2.3.2 Chi-Square algorithm

It is based on whether the difference between observed and expected frequencies makes sense. It is used in the qualitatively specified analysis [22]. Which is used for the chi-square test,

  • In the test of whether there is a difference between two or more groups,
  • In the test of whether there is a link between the two variables,
  • In the inter-group homogeneity test.

Test whether the distribution obtained from the sample conforms to any desired theoretical distribution (compatibility goodness test).

2.3.3 Mutual Information (MI)

In feature selection, MI is a statistical technique. It measures the degree to which two variables (a and b) are interdependent. Through the use of the other random variable, it assesses the "measure of data" amassed regarding one arbitrary variable [23]. The MI between two discrete random variables, a and b, is calculated using Eq. (2).

$I(A, b)=\sum_{b \in B} \sum_{a \in A} p(a, b) \log \left(\frac{p(a, b)}{p(a) p(b)}\right)$    (2)

where, $p(a, b)$ represents the joint probability function of $A$ and $B$, and $p(a), p(b)$, respectively, represents the marginal probability distribution functions of $A$ and $B$.

2.4 Classification

Seven well-known classifiers are used to verify the collected offline handwritten signature: SVM [24] with the kernel (Radial Basis Function, polynomial, Linear), KNN [25], DT [26], LDA [27], and Naïve Bayes [28]. The specifics of each classifier are detailed in the subsections below.

2.4.1 Support Vector Machine (SVM)

Support Vector machines are a supervised learning method often used in classification problems. Support Vector Machines (SVMs) are the decomposition and classification of points on the plane by a straight or hyperplane [24]. It is suitable for small or medium-sized datasets and needs to be scaled.

The purpose of classification problems is to decide which class the future data will be in.

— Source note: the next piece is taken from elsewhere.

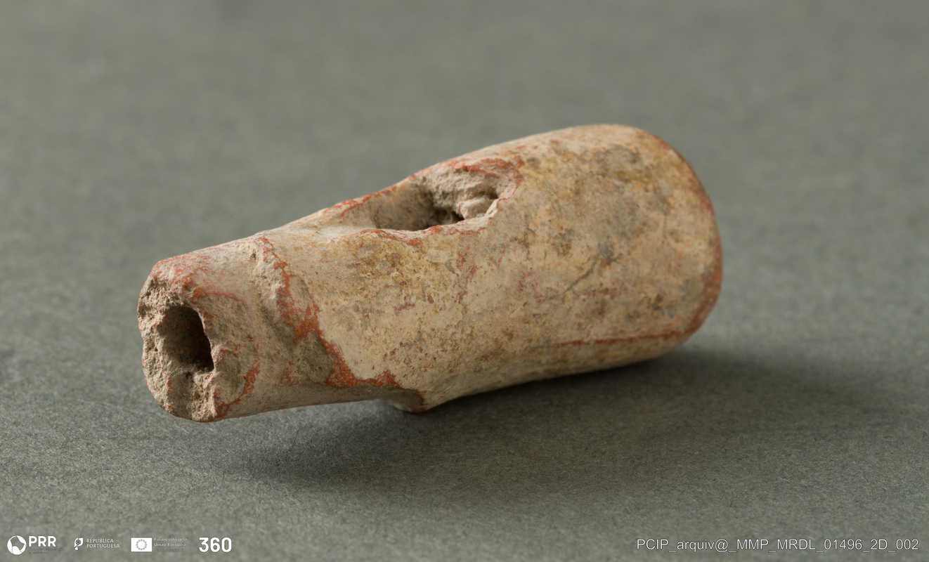 Matéria/Técnica: Barro; Cronologia: Desconhecida; Autoria: Desconhecida; Dimensões: Diâmetro: 1,60 cm; Comprimento: 4,30 cm.

To do this classification, a line separates the two classes, and the region between ± 1 of this line is called the margin. The wider the margin, the better the separation of two or more classes.

RBF, which stands for Radial Basis Function Kernel, is an extremely powerful kernel that is utilized in SVM. RBF is more sophisticated and efficient than linear or polynomial kernels because it may combine multiple polynomial kernels multiple times of varying degrees to project non-linearly separable data into higher dimensional space and separable using a hyperplane.

An SVM kernel, known as a polynomial kernel, maps the data into a higher-dimensional space using a polynomial function. This is accomplished by taking the dot product of the polynomial function in the new space and the original space's data points.

The linear kernel—also known as the "Non-kernel"—is the most straightforward of all the kernels. The inner product of x and y with an optional constant term c is all that exists when this kernel is technically utilized because the data isn't projected onto higher dimensions.

2.4.2 K-Nearest Neighbours (KNN)

The nearest neighbor algorithm is expressed as a supervised machine learning method in which the class (learning cluster) and the nearest neighbor (element) are to be classified according to the k value (similarity) [25].

General classification algorithms (models) use this classifier on every data value within the system by creating a classifier within their solutions. Compared to these classification algorithms, the KNN algorithm classifies the values for each value by creating a classifier over a set of neighbors closest to the corresponding value.

The K-nearest neighbors algorithm (KNN) predicts two fundamental values [29].

  • Distance: The distance of the point to be estimated from other points is calculated. For this, the Minkowski distance calculation function is used.
  • K (number of neighbors): The number of neighbors is calculated from the nearest number. The value of K directly affects the result. If K is 1, the probability of overfitting is very high. If it is too large, it gives very general results. Therefore, estimating the optimal K value is the main issue in the problem.

Three indicators are commonly used to measure the performance of a model produced with the KNN (K-nearest neighbors) algorithm.

  • Jaccard Index: The ratio of the intersection set of the correct prediction set and the actual value set to their junction set, taking values between 1 and 0. 1 is the best.
  • F1-Score: Calculated from precision and recall values calculated from the confusion Matrix. F1-Score = 2*((Pre*Rec)/(Pre+Rec)) is a value between 1 and 0. 1 is the best.
  • LogLoss: At the end of the logistic regression, the LogLoss value is calculated from the probabilities of the predictions. It is valued between 1 and 0. Unlike the above two values, 0 means the best performance.

2.4.3 Decision Tree (DT)

A DT is a Supervised Machine Learning Algorithm that uses a set of rules to make decisions like humans do [26]. Classification trees are tree models in which the goal variable can take a discrete set of values; in these tree structures, leaves indicate class labels, and branches represent feature conjunctions that lead to those class labels.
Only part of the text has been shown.